Suitbert Bäumer (28 March 1845 – 12 August 1894) was a Benedictine monk and historian of the Breviary and a patrologist of the nineteenth century.

==Biography==
He was born at Haus Leuchtenberg, Kaiserswerth, in the Lower Rhine region of Germany. He studied at the universities of Bonn and Tübingen; in 1865 he entered the Benedictine Beuron Archabbey, then newly founded, and was ordained priest in 1869.

He spent the years 1875–90 at Maredsous Abbey in Belgium and at Erdington in England; in the latter year he returned to Beuron. Bäumer was long the critical adviser of the printing house of Desclée, Lefebvre and associates at Tournai, for their editions of the Missal, Breviary, Ritual, Pontifical, and other liturgical works.

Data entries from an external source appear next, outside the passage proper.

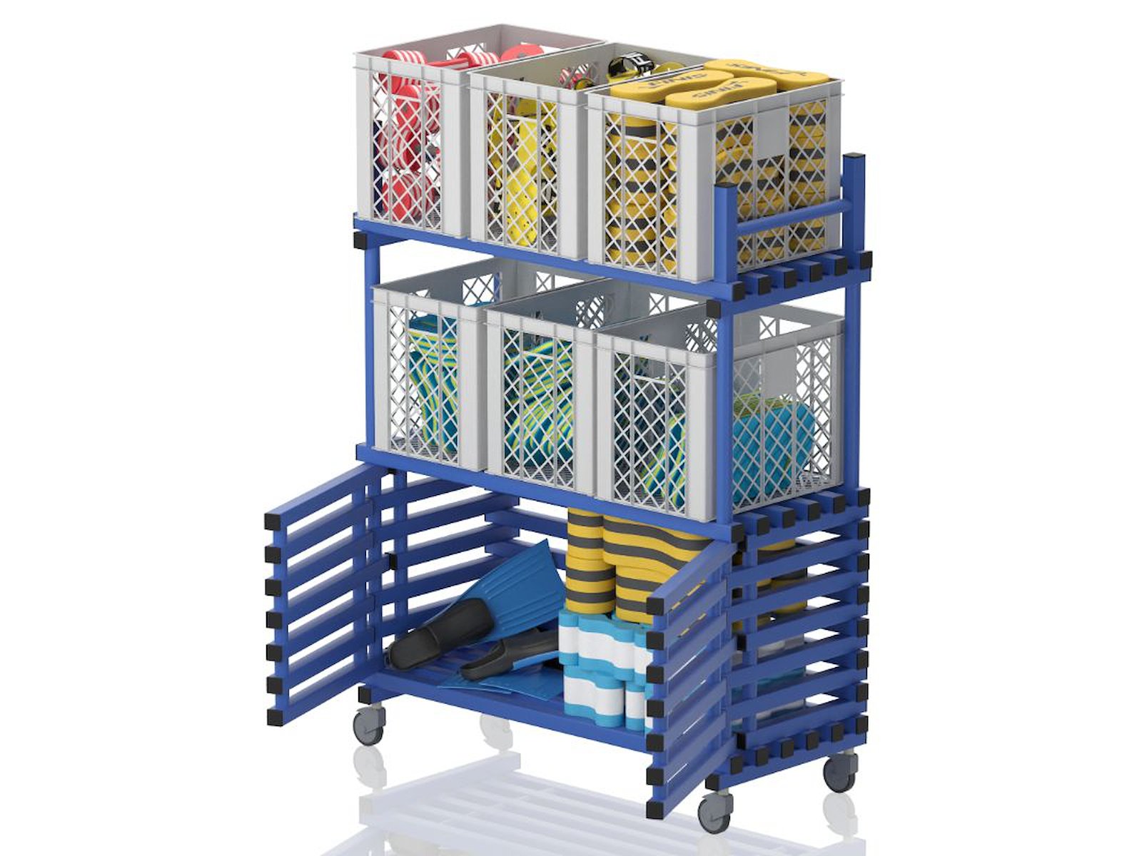 Vendiplas MS1360DR-vogn med tre faste hylder og låger forneden til opbevaring af diverse svømmeudstyr. Lavet i slidstærkt og UV-/klorbestandigt PVC, som stort set ikke kræver nogen vedligeholdelse. Designet til vådrum og tåler temperaturer fra -40°C til +80°C. Mål: B 138 x D 60 x H 177 cm.
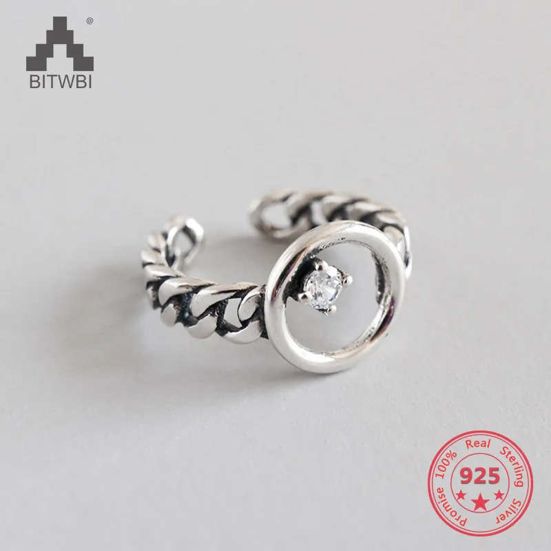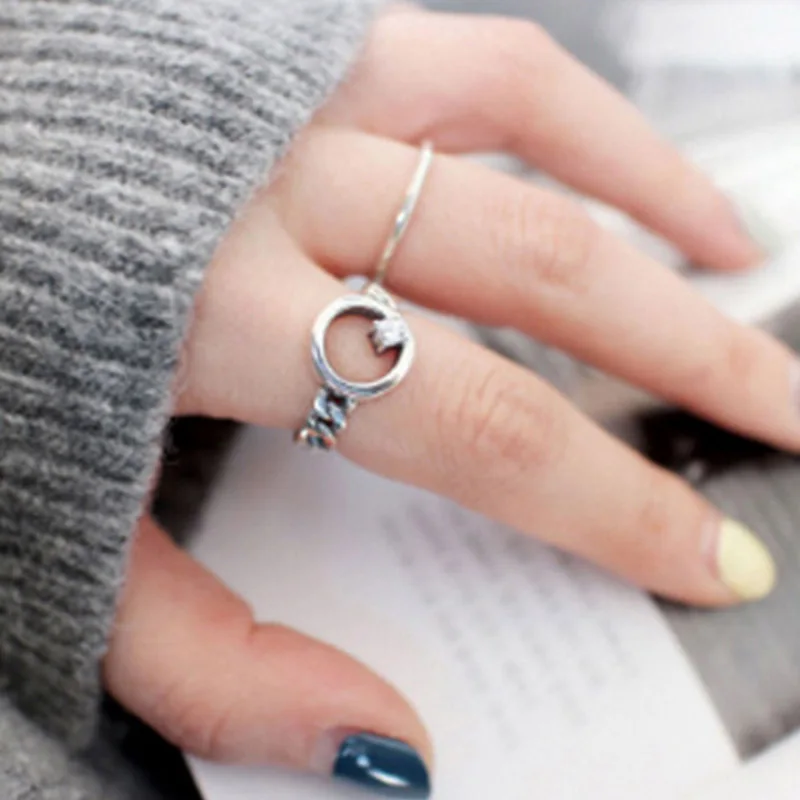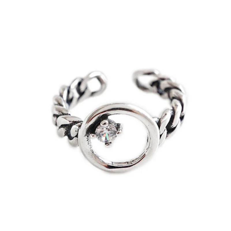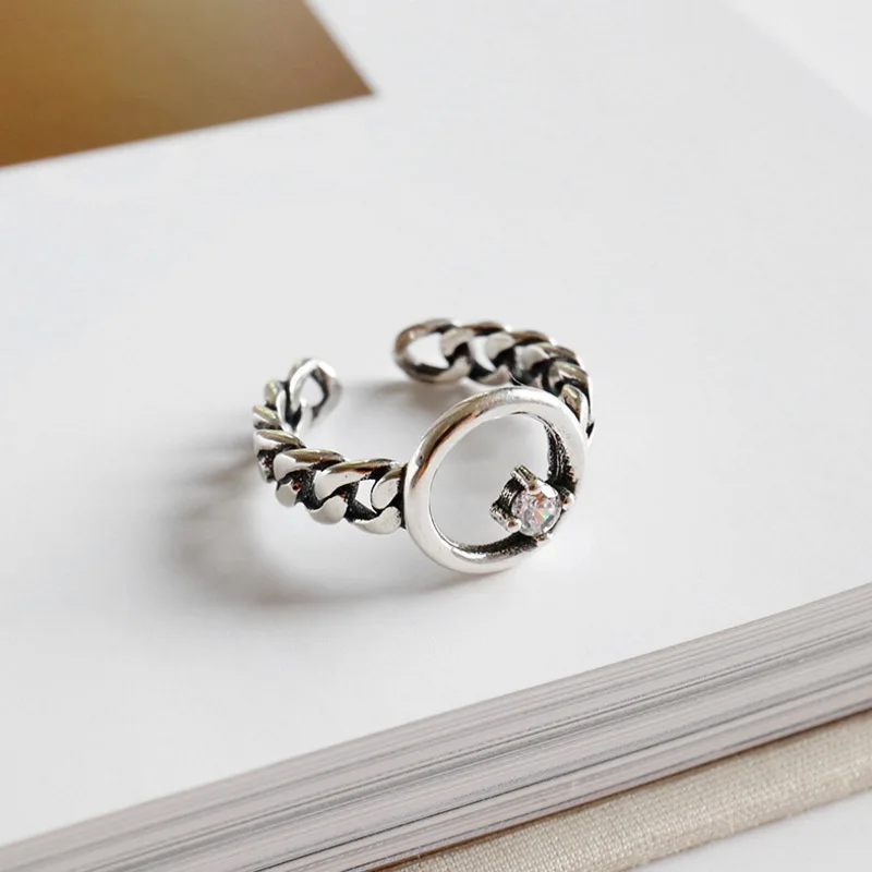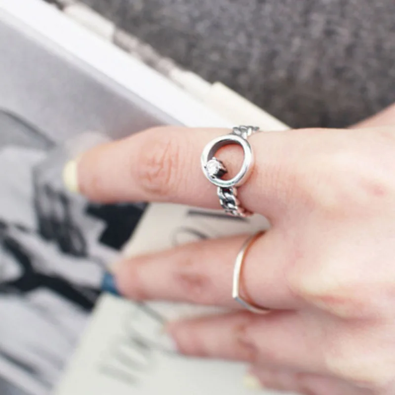925 Sterling Silver Open Ring For Women Chain With Cubic Zircon Rings Punk Style Bijoux Femme
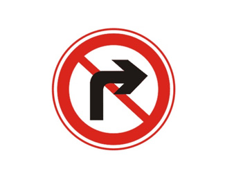禁止向右轉彎標志表示前方路口禁止一切車輛向右轉彎。此標志設在禁止向右轉彎的路口前適當位置。

He contributed a number of essays to reviews, e.g. on the Stowe Missal (the oldest liturgical record of the Irish Church) in the Zeitschrift für katholische Theologie (1892), on the author of the "Micrologus" (an important medieval liturgical treatise) in "Neues Archiv" (1893), on the "Sacramentarium Gelasianum" in the "Historisches Jahrbuch" (1893).

He also wrote a life of Mabillon (1892) and a treatise on the history and content of the Apostles' Creed (1893).

In his history of the Roman Breviary, Geschichte des Breviers: Versuch einer quellenmässigen Darstellung der Entwicklung des altkirchlichen u. des römischen Officiums bis auf unsere Tage (Freiburg i. Breisgau, Herder: 1895; French tr., R. Biron, Paris: 1905) he condensed the labours of several generations of students of the Breviary and critical results of the modern school of historical liturgists.

He died at Freiburg on 12 August 1894.